Your Family's Passport to Financial Security
Life insurance can be one of the cornerstones of financial planning. In the event of an unexpected or premature death, the HSBA Group Annual Term Life Insurance Plan can help provide the financial security your family needs. This life insurance helps make sure they’ll be able to meet current expenses—such as mortgage and car payments—as well as future expenses such as college tuition.
Valuable Benefits
ELIGIBILITY
All HSBA members/employees under age 60 may apply for coverage for themselves, their spouse age 60 or under and all unmarried dependent children ages 14 days to 21 years (25 if a full-time student).

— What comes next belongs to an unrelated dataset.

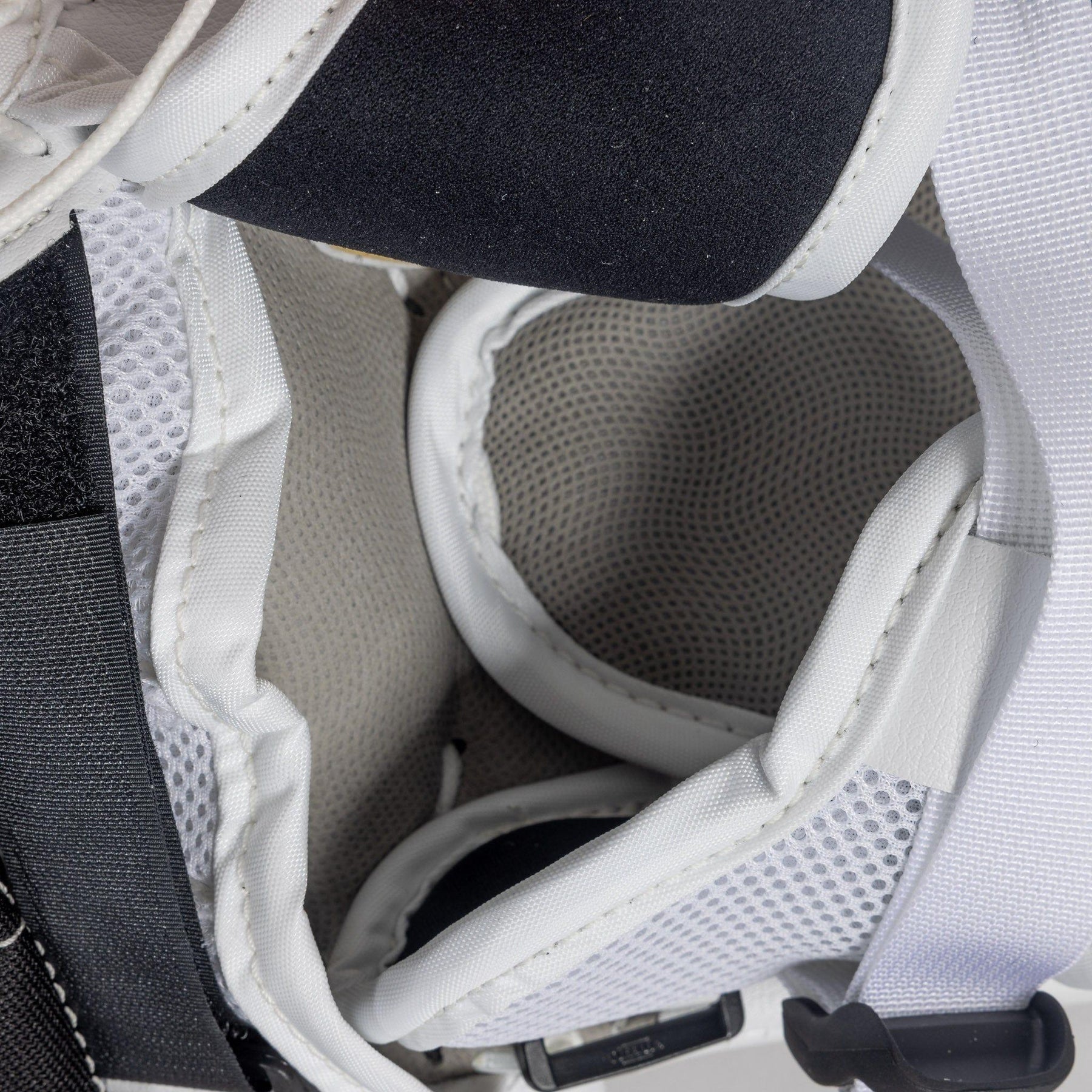 Next you want to ensure the adjustable wrist strap goes directly across the wrist bone, and has minimal to no interference with your chest protector. The goaltender should be able to swivel their wrist to accommodate a range of save selections without any restrictions from the chest protector.

A dependent who is also a member/employee is eligible for either member/employee or dependent coverage, but not both. If both member/employee and spouses are covered as members/employees, neither may insure the other as spouse and only one may insure any eligible children.
APPLY FOR UP TO $1,000,000 OF COVERAGE
Choose the amount of Group Annual Term Life insurance you need to help protect you and your family.
Amounts Of Insurance:
Members/Employees – $25,000 to $1,000,000 in $25,000 increments.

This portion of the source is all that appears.